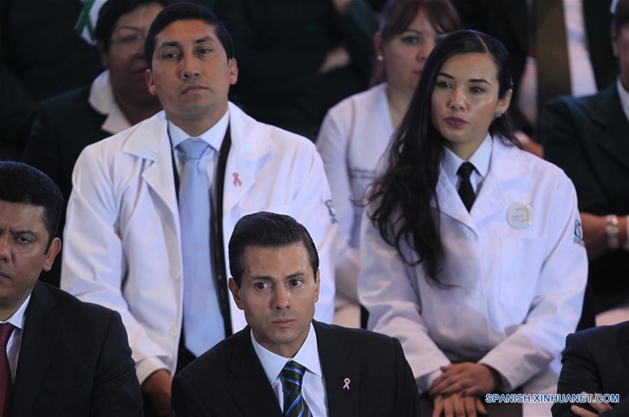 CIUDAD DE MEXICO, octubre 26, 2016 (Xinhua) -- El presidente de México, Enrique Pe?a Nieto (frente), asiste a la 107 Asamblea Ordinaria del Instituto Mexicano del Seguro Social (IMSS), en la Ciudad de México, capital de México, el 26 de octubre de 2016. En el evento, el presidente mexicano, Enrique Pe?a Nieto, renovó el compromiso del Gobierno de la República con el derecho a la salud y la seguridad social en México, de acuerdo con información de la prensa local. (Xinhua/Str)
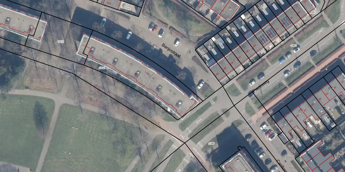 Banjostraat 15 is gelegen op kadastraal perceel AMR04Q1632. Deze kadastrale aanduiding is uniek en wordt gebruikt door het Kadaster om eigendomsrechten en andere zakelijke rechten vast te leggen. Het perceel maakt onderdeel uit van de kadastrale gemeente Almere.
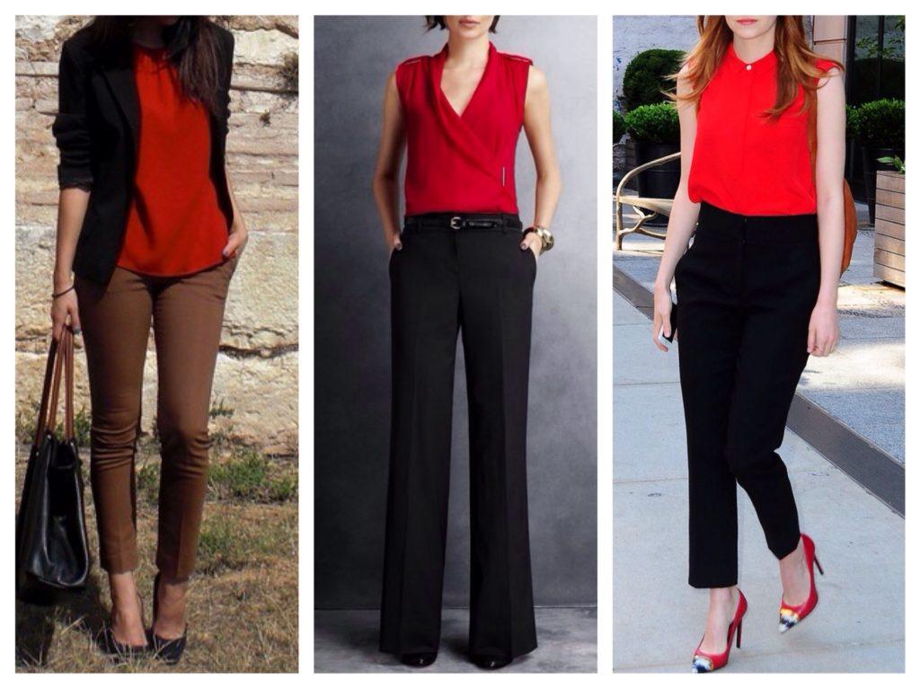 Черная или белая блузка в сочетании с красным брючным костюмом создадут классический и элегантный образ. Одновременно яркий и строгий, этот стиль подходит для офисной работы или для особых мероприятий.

* [Task brief] From the material above, copy everything exactly but the pictures.

* [Answer to this exercise]
 CIUDAD DE MEXICO, octubre 26, 2016 (Xinhua) -- El presidente de México, Enrique Pe?a Nieto (frente), asiste a la 107 Asamblea Ordinaria del Instituto Mexicano del Seguro Social (IMSS), en la Ciudad de México, capital de México, el 26 de octubre de 2016. En el evento, el presidente mexicano, Enrique Pe?a Nieto, renovó el compromiso del Gobierno de la República con el derecho a la salud y la seguridad social en México, de acuerdo con información de la prensa local. (Xinhua/Str)
 Banjostraat 15 is gelegen op kadastraal perceel AMR04Q1632. Deze kadastrale aanduiding is uniek en wordt gebruikt door het Kadaster om eigendomsrechten en andere zakelijke rechten vast te leggen. Het perceel maakt onderdeel uit van de kadastrale gemeente Almere.
 Черная или белая блузка в сочетании с красным брючным костюмом создадут классический и элегантный образ. Одновременно яркий и строгий, этот стиль подходит для офисной работы или для особых мероприятий.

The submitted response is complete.